Invisible Target (2007)
Reviewed by: cal42 on 2007-12-02
Summary: Visible Excitement
Chan Chun (Nicholas Tse) is a cop who lost his fiancée when a jewellery shop gets blown up as a result of a hit on an armoured car. Carson Fong (Shawn Yu) is another cop who is beaten and humiliated by a criminal gang. Wai King-Ho is yet another cop, this time one who has lost his brother. All three join up to bring down the Tien gang headed by Tien Yeng-Seng (Wu Jing), the gang responsible for all three officers’ circumstances.

INVISIBLE TARGET starts out with a bang not unlike a Hollywood blockbuster. It serves as a plot point in that Chan Chun’s fiancée gets killed (no great loss – she doesn’t have her own voice. I don’t think I could ever love a woman who was badly dubbed) and sends him on a path of revenge. It easily brings to mind films like DIE HARD and you start to worry that this is going to be yet another Hong Kong film aping Hollywood and failing miserably. While this is true to a small degree regarding the CGI, let me put your fears at rest and tell you categorically that INVISIBLE TARGET is a darn good romp.

Nicholas Tse gets a lot of stick for his film work (I admit I’ve never heard a note of his music and am quite happy to keep it that way) but fair’s fair, he puts on a good show as the haunted young cop out for revenge. I must admit that Shawn Yu has previously slipped under my radar, but he also impresses as Tse’s partner by circumstance. Jaycee Chan is so earnest and serious as Wai King-Ho that his character seems to verge on parody at times, and is the least believable of the trio. In one early scene, we see him giving CPR to a foul-smelling vagrant without showing any signs of discomfort while those around him are blowing their lunch. He then modestly goes home to his grandma. He strikes you as the kind of person who wouldn’t think twice about risking his life to save a bunch of young children on a bomb-laden bus, an opinion that is reinforced later in the film where he risks his life to save a bunch of young children on a bomb-laden bus, oddly enough. Nevertheless, Wai King-Ho is the glue for the partnership of the three disparate cops. He is searching for his brother, who may or may not have gone undercover in the Tien gang. Seeing Jaycee Chan in action is an uncomfortable sensation – seeing someone who is clearly the son of Jackie Chan doing fight scenes brings a weird feeling of deja vu and brings up the inevitability of the passage of time. It sure made ME feel old, anyway.

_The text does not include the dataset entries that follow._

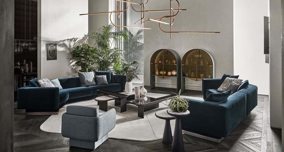 Vetrina con struttura in legno laccato color “elephant grey”. Anta in cristallo 6mm temperato pigmentato color ambra. Schienale e ripiani in cristallo “Grigio Italia” 6mm temperato. Dettagli in ottone satinato.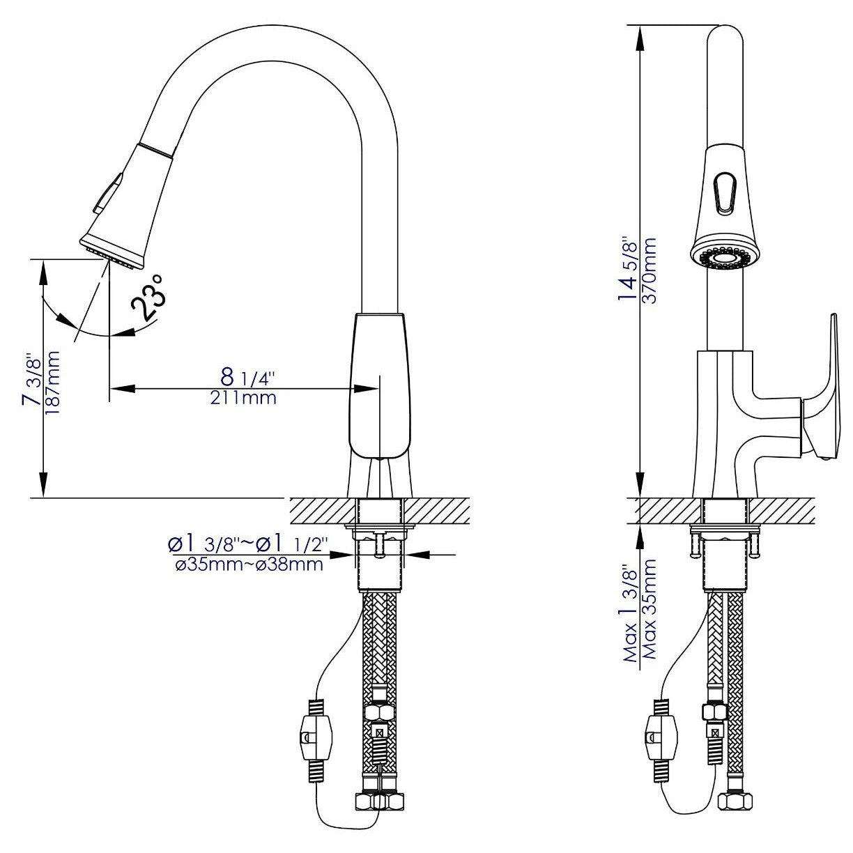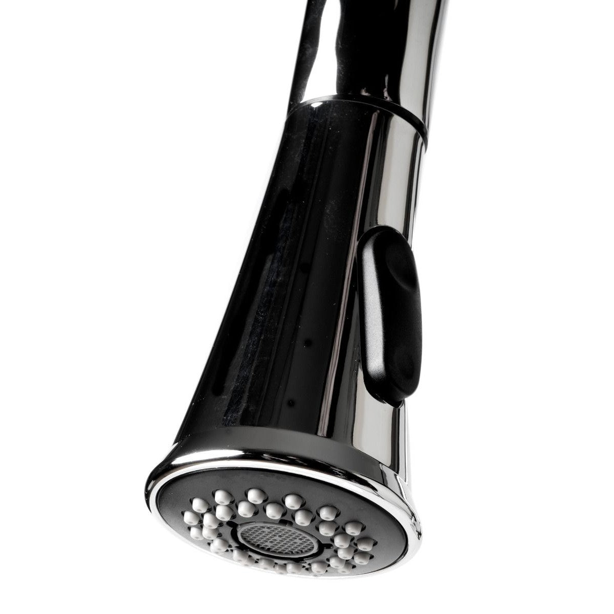 - Convinient pull down head with spray button allows you to reach any part of the sink and switch to spray mode whenever needed.
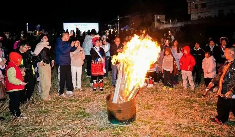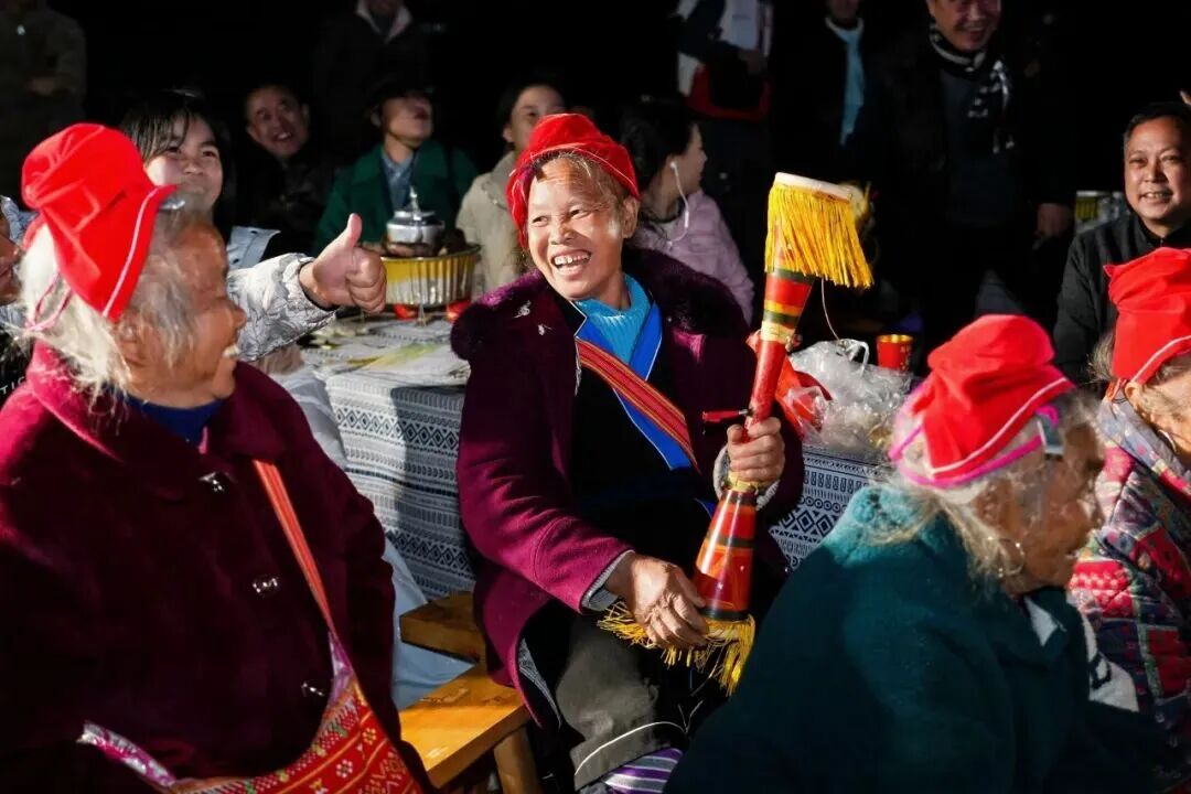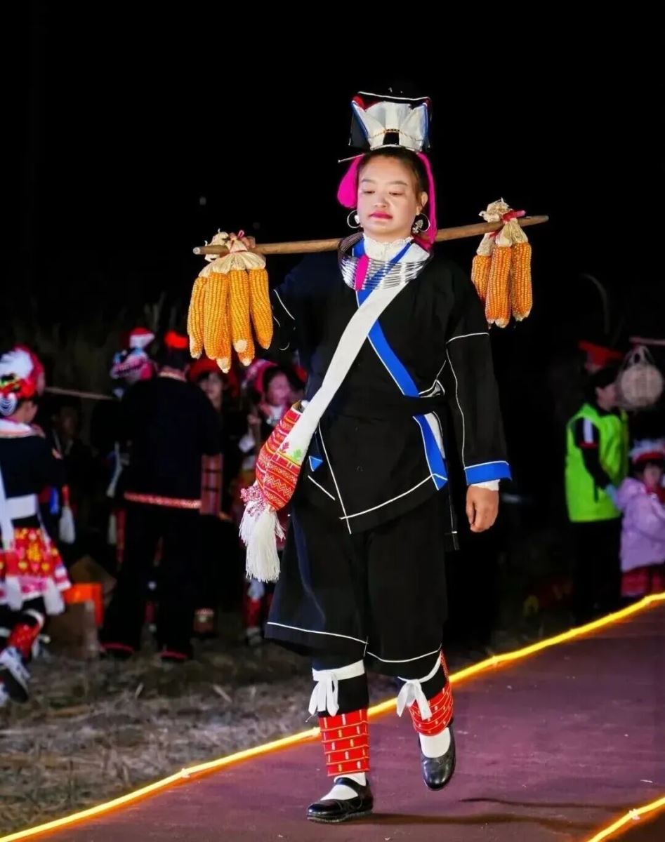 当晚核心亮点——国家级非遗瑶族婚俗T台秀,在稻田搭建的原生态舞台上惊艳亮相。这场由华南农业大学文艺志愿者编排、50名村民参演的“田野时尚秀”,特别邀请了全国人大代表、村党支部书记、村长、网格员等村干部带头参与。对他们许多人而言,这是人生中第一次踏上T台,以创新艺术形式诠释瑶族文化精髓。他们身着瑶绣传统服饰,手持农耕生产工具,将瑶族文化的古朴韵味与生活气息展现得淋漓尽致,彰显村民对本土文化的自信与自豪,创新演绎瑶族婚俗、服饰、歌舞等多项非遗。南瓜奖品、篝火晚会、粤剧、变脸、魔术表演等互动环节让百名观众沉浸式体验。村民赞叹“这是这辈子看过最精彩的文艺活动”,游客直呼“首次在田间地头看大秀,意义与体验感兼具”。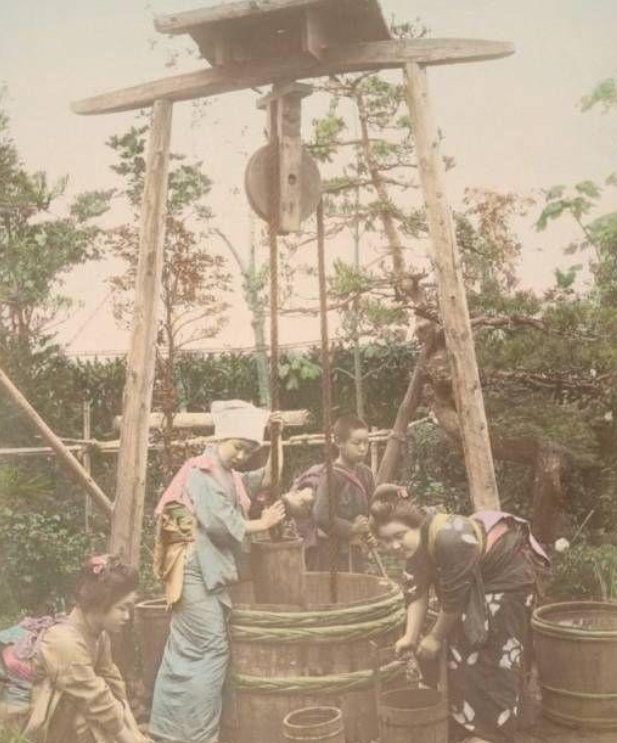 日本人的饮水方式也引起了我的兴趣。他们需要通过井水来获取饮用水,然后用人工方式将水运输到需要的地方。我不禁好奇,穿着和服踩着木屐的日本女性,行动起来真的方便吗?

Wu Jing will be familiar to all who have seen the somewhat over-rated SPL, and many will agree he was the best thing about that movie. One great compliment to this film is that Wu Jing is still great, but he’s no longer the best (or at least the only good) thing about the project. Whereas most Hong Kong action films fail these days to entertain (for me at least) due to a number of reasons, INVISIBLE TARGET succeeds, and a lot of that goes down to a more back-to-basics approach to the stuntwork and action choreography. It still goes over the top occasionally, and some of the wirework doesn’t stand up to scrutiny, but the good far outweighs the bad. In fact, after a couple of action scenes I could have sworn they were accompanied by the same tinny, lo-fi synth music that went with all those great 80’s action scenes. Upon rewinding, I found this was not the case, but it’s an interesting association.

The film – at ten minutes over two hours – is slightly too long, but paradoxically doesn’t feel bloated with extraneous material. There are some nice plot turns and interesting characters to root for and hiss at, and a couple of really standout moments. The scene where the gangster explains to Wai King-Ho, without malice or bravado, what happened to his brother and how he felt about it is one such outstanding moment.

So despite being too long and having a corny character or two, Invisible Target is still very much worth a watch, and I’m looking forward to a second viewing already.